Aim of the task
Print the listing below exactly, minus its pictures.

Data
_ _ _ _

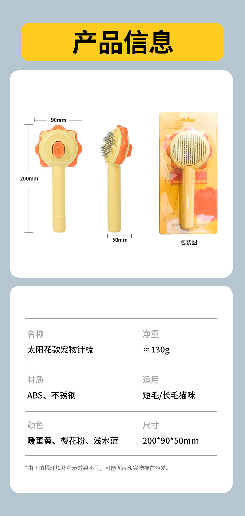 | Especificaciones | Peine del animal doméstico del girasol |
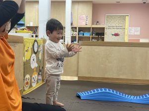 子どもたちが大好きな「ぴょーん」の絵本で身体を動かすよ![]()
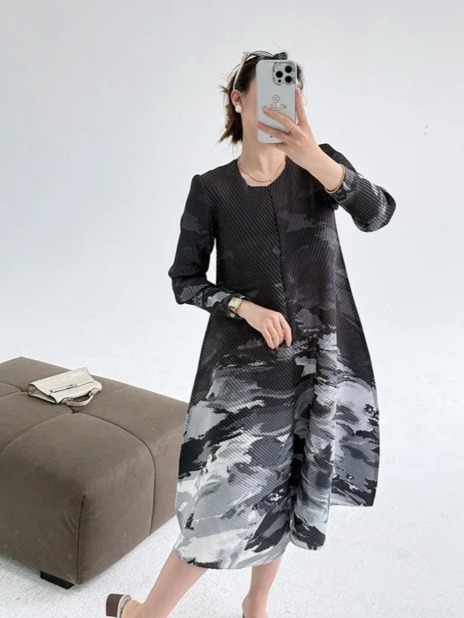 Fold Miyake Pleated Single Breasted Women’s Dresses 2025 Summer New French Tie-Dye Printed V-Neck Dresses Loose Midi Dresses

_ _ _ _

Response to this exercise
 | Especificaciones | Peine del animal doméstico del girasol |
 子どもたちが大好きな「ぴょーん」の絵本で身体を動かすよ![]()
 Fold Miyake Pleated Single Breasted Women’s Dresses 2025 Summer New French Tie-Dye Printed V-Neck Dresses Loose Midi Dresses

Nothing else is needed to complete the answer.